**WORK TO BE COMPLETED**
Pictures stay out of the output. Return exactly the lines below from the one with "On the hard" down to the one with "8 Tube Howard Model 368", both included, and nothing more.

**GIVEN DATA**
++++++++
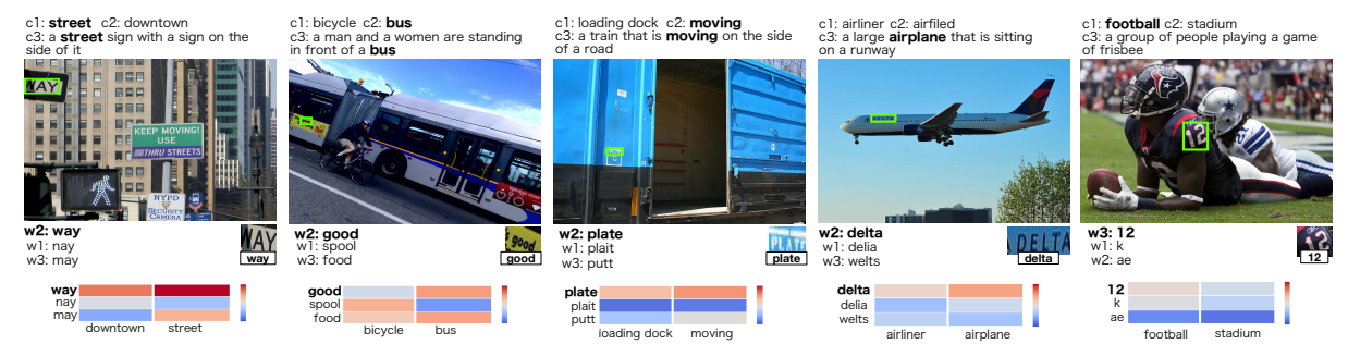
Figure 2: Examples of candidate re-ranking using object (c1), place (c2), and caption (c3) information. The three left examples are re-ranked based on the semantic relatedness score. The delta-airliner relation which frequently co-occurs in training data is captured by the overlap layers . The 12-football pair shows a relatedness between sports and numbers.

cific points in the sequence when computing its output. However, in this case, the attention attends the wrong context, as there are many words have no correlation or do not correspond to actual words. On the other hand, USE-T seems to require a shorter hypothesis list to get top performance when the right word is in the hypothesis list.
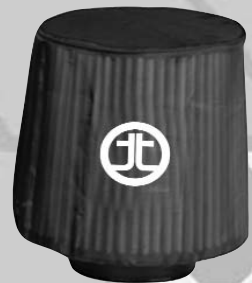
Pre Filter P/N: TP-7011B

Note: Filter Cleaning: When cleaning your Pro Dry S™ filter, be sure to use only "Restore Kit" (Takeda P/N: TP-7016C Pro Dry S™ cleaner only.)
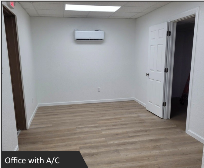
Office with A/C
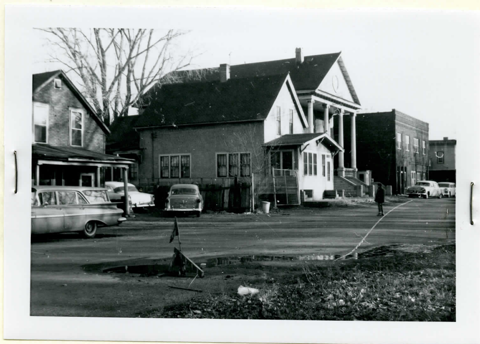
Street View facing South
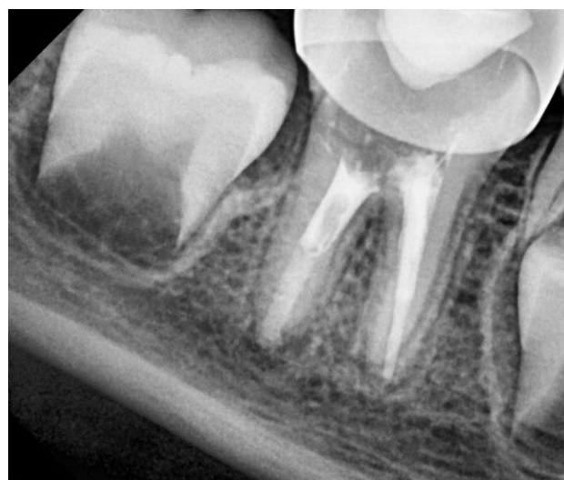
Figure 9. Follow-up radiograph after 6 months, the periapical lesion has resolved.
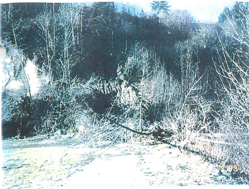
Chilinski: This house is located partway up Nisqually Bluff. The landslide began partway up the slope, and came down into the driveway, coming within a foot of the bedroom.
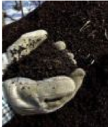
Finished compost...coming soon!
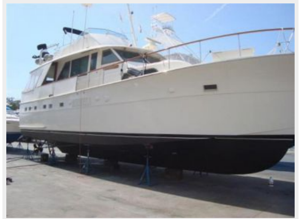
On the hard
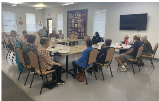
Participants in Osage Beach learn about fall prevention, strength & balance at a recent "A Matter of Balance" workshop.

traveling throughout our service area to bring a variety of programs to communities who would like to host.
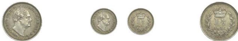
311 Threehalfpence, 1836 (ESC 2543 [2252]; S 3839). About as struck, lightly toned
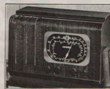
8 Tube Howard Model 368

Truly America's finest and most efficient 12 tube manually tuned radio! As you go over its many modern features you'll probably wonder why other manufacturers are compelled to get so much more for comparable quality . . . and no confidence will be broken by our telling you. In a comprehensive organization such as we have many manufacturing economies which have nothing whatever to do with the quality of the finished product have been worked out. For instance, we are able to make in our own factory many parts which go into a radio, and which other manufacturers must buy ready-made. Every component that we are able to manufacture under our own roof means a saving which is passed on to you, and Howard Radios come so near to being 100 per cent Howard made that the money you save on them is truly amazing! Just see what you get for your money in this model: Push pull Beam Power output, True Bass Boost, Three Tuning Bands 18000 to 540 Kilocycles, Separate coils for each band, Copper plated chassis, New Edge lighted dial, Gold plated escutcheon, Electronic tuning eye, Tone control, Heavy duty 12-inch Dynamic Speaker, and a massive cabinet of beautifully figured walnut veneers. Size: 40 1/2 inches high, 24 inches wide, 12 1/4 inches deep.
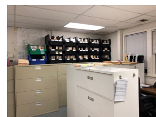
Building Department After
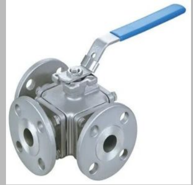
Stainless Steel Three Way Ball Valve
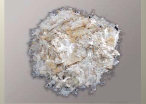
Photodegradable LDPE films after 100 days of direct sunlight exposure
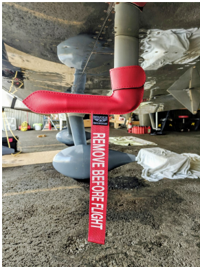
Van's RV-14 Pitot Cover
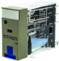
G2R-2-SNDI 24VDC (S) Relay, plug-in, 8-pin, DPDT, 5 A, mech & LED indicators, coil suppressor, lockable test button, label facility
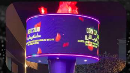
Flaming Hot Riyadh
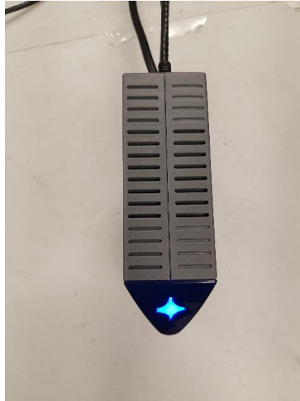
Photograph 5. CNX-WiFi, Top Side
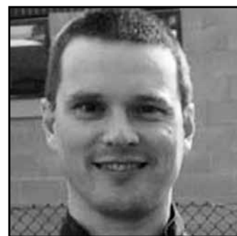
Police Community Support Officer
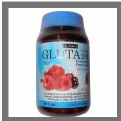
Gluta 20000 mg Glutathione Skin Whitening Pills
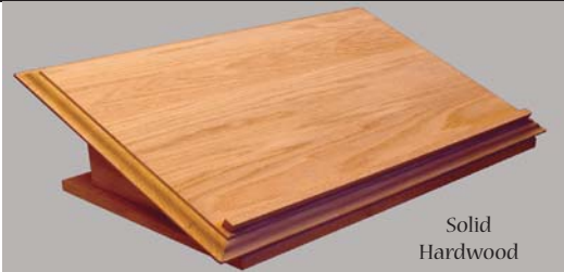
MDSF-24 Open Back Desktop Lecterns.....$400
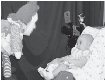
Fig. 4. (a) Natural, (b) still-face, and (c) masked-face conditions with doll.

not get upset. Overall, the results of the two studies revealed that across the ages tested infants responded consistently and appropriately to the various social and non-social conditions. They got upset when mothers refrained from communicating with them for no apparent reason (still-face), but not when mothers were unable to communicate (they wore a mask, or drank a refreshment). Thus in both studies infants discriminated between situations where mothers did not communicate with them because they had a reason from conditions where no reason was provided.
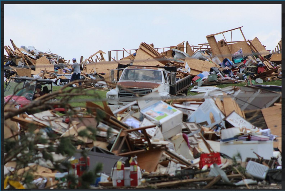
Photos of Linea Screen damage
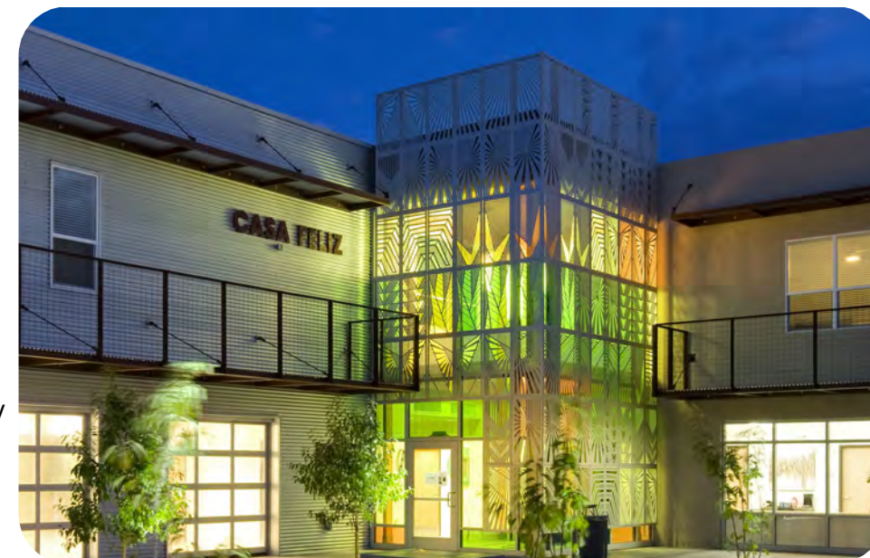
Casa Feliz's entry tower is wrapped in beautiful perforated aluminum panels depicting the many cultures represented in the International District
++++++++
**SOLUTION TO THIS EXERCISE**
On the hard
Participants in Osage Beach learn about fall prevention, strength & balance at a recent "A Matter of Balance" workshop.

traveling throughout our service area to bring a variety of programs to communities who would like to host.
311 Threehalfpence, 1836 (ESC 2543 [2252]; S 3839). About as struck, lightly toned
8 Tube Howard Model 368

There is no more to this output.